Member of the Iowa House of Representatives from the 43rd district
- In office January 8, 1973 – January 9, 1983
- Preceded by: Richard M. Radl
- Succeeded by: David Osterberg

Member of the Iowa House of Representatives from the 33rd district
- In office January 11, 1971 – January 7, 1973
- Preceded by: Alfred Nielsen
- Succeeded by: Henry C. Wulff

Personal details
- Born: Sonja Lillian Carlsen October 19, 1930 Saint Paul, Minnesota, U.S.
- Died: November 27, 1984 (aged 54) Iowa City, Iowa, U.S.
- Resting place: Story City Cemetery, Story City, Iowa, U.S.
- Party: Republican
- Occupation: Politician, teacher

= Sonja Egenes =

American politician (1930–1984)

Sonja Lillian Egenes (née Carlsen; October 19, 1930 – November 27, 1984) was an American politician who served in the Iowa House of Representatives from 1971 to 1983. She also was a member of the Luther College Board of Regents.

== Biography ==
She attended St. Olaf College and the University of Iowa; before graduating from Iowa State University (B.S. degree, 1951). Egenes was awarded a Fulbright scholarship to Norway. For 5 years, she worked as a teacher at Randall High School in Randall, Iowa; followed by serving as a teacher of American government at Iowa State University in Ames, from 1960 to 1961.

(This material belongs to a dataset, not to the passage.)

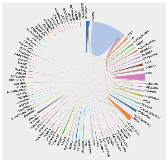 Cooperation and exchange between countries is important for the dissemination of knowledge. The bibliometric online analysis platform software was used to analyze inter-country cooperation between the main publishers to capture the cooperation between different countries in the field of SAs research. The network of academic collaborative relationships between the 100 issuing countries from 2004 to 2024 is shown in Figure 2. The connected lines indicate that countries have collaborative relationships with each other, and the size of the shaded area indicates how many articles are issued by that country. As can be seen, the largest number of publications and the most extensive collaborative relationships are with China, which has collaborative relationships with dozens of countries, including the USA, Spain, Germany, Portugal and Canada, and has the closest collaborative relationship with the USA. The close cross-section of cooperation between countries indicates that the environmental problems caused by SAs are of common concern on a global scale.
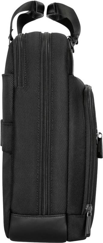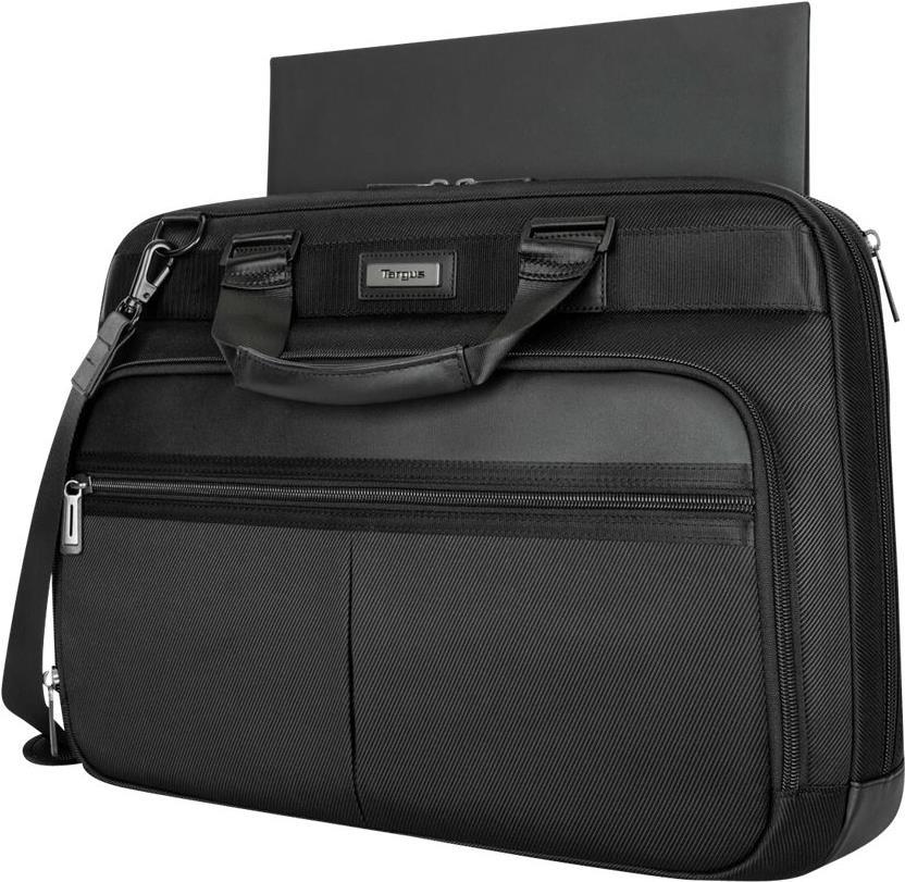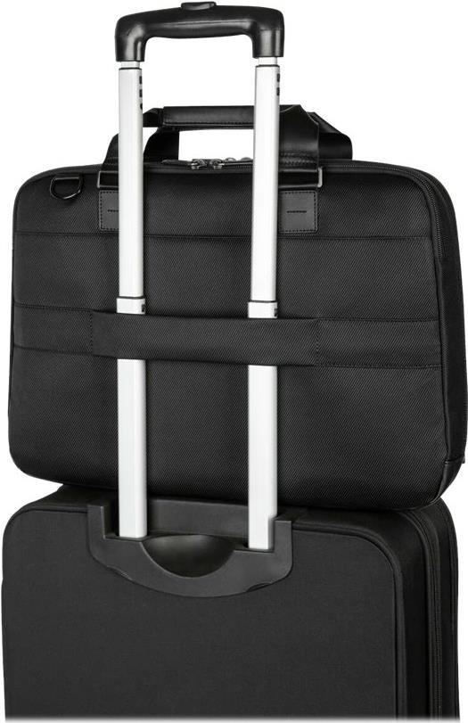 Ausgestattet mit weichen Tragegriffen, gepolsterten Schultergurten und einem Trolley-Gurt für bequemes Stapeln und Rollen ist die Targus Mobile Elite Topload Aktentasche der optimale Reisebegleiter.

In 1962, her political career began as a Congressional candidate, she was a member of the Republican Party. She served as a member of the Iowa House of Representatives in the 33rd district from 1971 until 1973; and in the Iowa 43rd district from 1973 until 1983. In 1979, Egenes proposed the state of Iowa to cut off student aid to Iranians on the 34 campuses in the state, which would expel them during the Iranian Revolution.

She died on November 27, 1984, in Iowa City, Iowa at age 54.